Saildrone, a seven-metre long, wind-powered unmanned surface vehicle (USV) is the first unmanned system to circumnavigate Antarctica. The vehicle, also called SD 1020, had climate-grade sensors installed, and had gathered data in previously unchartered waters, providing an additional insight into ocean and climate processes.
The mission lasted for 196 days and began from Southport in Bluff, New Zealand, on January 19, 2019. The vehicle returned back to where it started on August 3, after sailing over 22,000 km (13,670 miles) around Antarctica. During its journey, the USV experienced freezing temperatures, 15-meter (50-foot) waves, 130 km/h (80 mph) winds, and collisions with giant icebergs.
The Southern Ocean plays a crucial role in regulating heat and carbon for the planet; Yet, its remote location and inhospitable state, makes even big ships avoid the location. Nevertheless, the saildrone managed to not only survive the Southern Ocean winter but streamed back vital new data from previously unsampled territory.
In addition, the USV was equipped with an instrument developed by NOAA to measure carbon fluxes very precisely, and provided important new data on the rates of carbon uptake in the Southern Ocean.

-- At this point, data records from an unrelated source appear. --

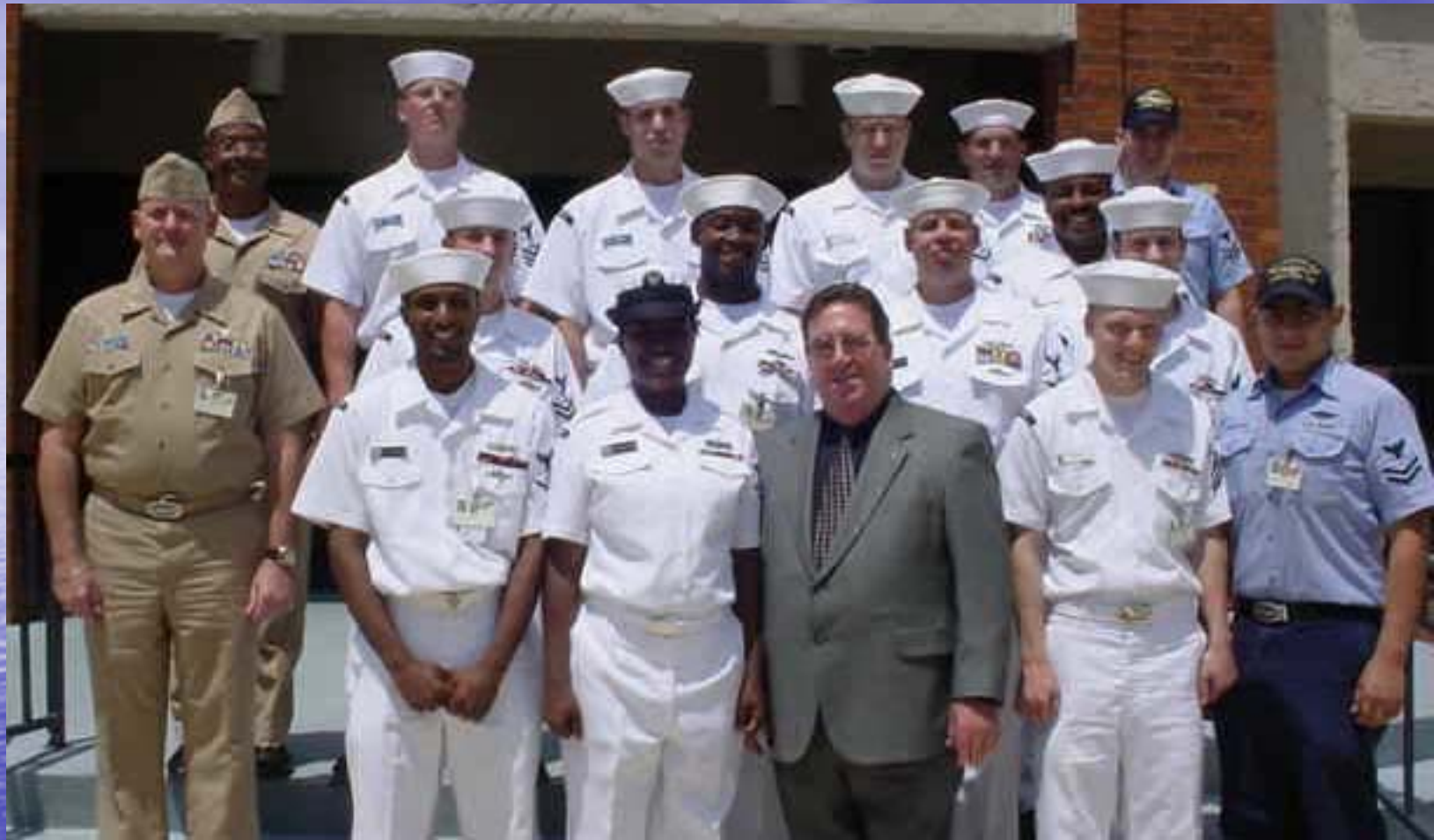
Naval Submarine Base Kings Bay, Georgia May 2008
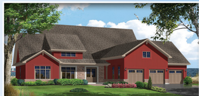
Bungalow Loft Elev-B - 2659 sq.ft.
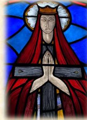
Saint Helen, Pray for us

Some Pharisees approached Jesus and asked, 'Is it against the law for a man to divorce his wife?' They were testing him. He answered them, 'What did Moses command you?' 'Moses allowed us' they said 'to draw up a writ of dismissal and so to divorce.' Then Jesus said to them, 'It was because you were so unteachable that he wrote this commandment for you. But from the beginning of creation God made them male and female. This is why a man must leave father and mother, and the two become one body. They are no longer two, therefore, but one body. So then, what God has united, man must not divide.' Back in the house the disciples questioned him again about this, and he said to them, 'The man who divorces his wife and marries another is guilty of adultery against her. And if a woman divorces her husband and marries another she is guilty of adultery too.'
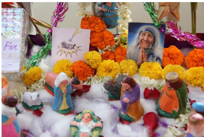
Sidewalk tributes to Mother Teresa outside the Sisters' convent, Kolkata.
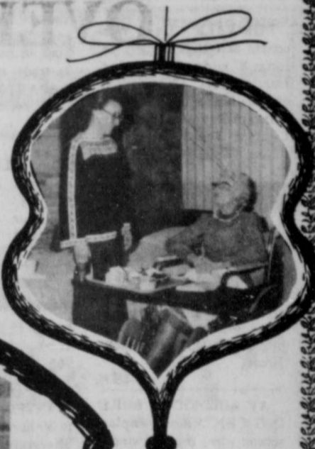
Join Our Activity Director in wishing Everyone a Merry Christmas and Happy New Year!

All 85 of us join in Wishing You the Best Holidays Possible.
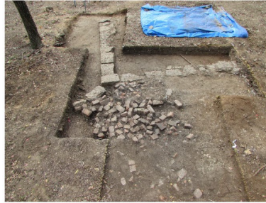
Overhead view of rock foundation of Sartin Hotel.
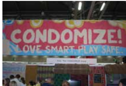
"Condomize" one of the many prevention campaigns displayed at the Global Village.

to fulfill their funding commitments to the Global Fund for AIDS, Tuberculosis and Malaria, and featured slogans like "Broken Promises Kill" and "No U-turn: Fund the Fund." Marchers advocating for the rights of sex workers and other women carried red umbrellas and distributed buttons saying "Only rights can stop the wrongs." These human rights themes were reiterated loudly throughout the week, as various groups pointed out the challenges experienced by drug users in Eastern Europe and Central Asia, men who have sex with men around the world, those living with HIV and co-infected with TB, and youth. The Vienna Declaration is one example of this demand for human rights, calling for a shift to evidence-based interventions for drug users instead of plans based on ideology. (People are welcome to read and sign on to the Vienna Declaration at http://www.viennadeclaration.com/ .) On Tuesday evening, July 20, there was a human rights march through the streets of Vienna, filled with banners and slogans from all of these groups and more, not to mention the sounds of drums, South African horns called vhuvhuzelas , whistles, and thousands of voices. The march concluded symbolically in Heroes Square, surrounded by the beautiful Hofburg Palace, where singer Annie Lennox gave a concert for the assembled crowd.
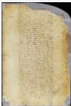
Patent of Harry Breser for land on the shore of the East river (NYSA_A1880-78_VGG_0112)
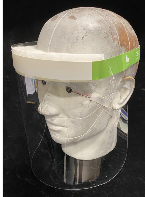
Photo of Face shield 23670200 and 23670201.
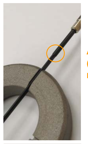
Aero transition (The transition between round and flat diameter.)

Choose the right slot to lay the Aero spoke
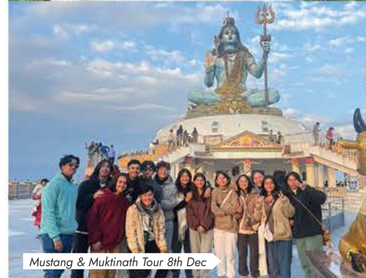
Mustang & Muktinath Tour 8th Dec
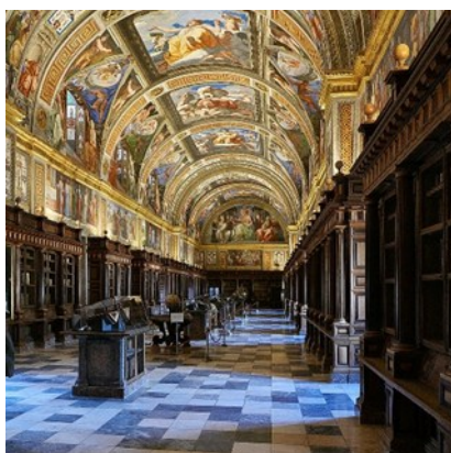
Library of the Monastery of El Escorial

Real Biblioteca del Monasterio de San Lorenzo de El Escorial (Library of the Monastery of El
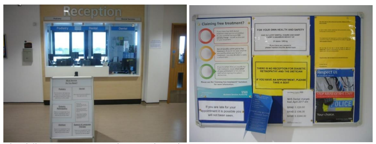
Third floor reception and notice board

We started our Enter and View visit on the top (third) floor and worked downwards.
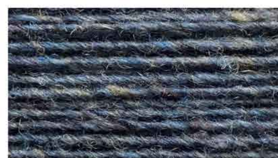
1167 BLUE THISTLE

Dr. Adrienne Sutton, an oceanographer with the NOAA Pacific Marine Environmental Laboratory (PMEL) Carbon Group commented that
There’s a lot left to be learned about the ocean’s uptake of CO2 emissions, especially in the Southern Ocean. Up until a few years ago, the Southern Ocean was understood to be a large CO2 sink.
Yet, Dr Sutton highlighted that with the help of the Saildrone, scientists found less of a CO2 sink than previously thought.
SD 1020 was equipped with the standard Saildrone sensor suite which collects a variety of variables from wind speed and direction to sea surface temperature, chlorophyll and salinity. SD 1020 also carried an ASVCO2 to measure atmospheric and dissolved pCO2 (carbon flux), dissolved oxygen, water temperature, and pH, as well as an ADCP to measure the speed and direction of ocean currents.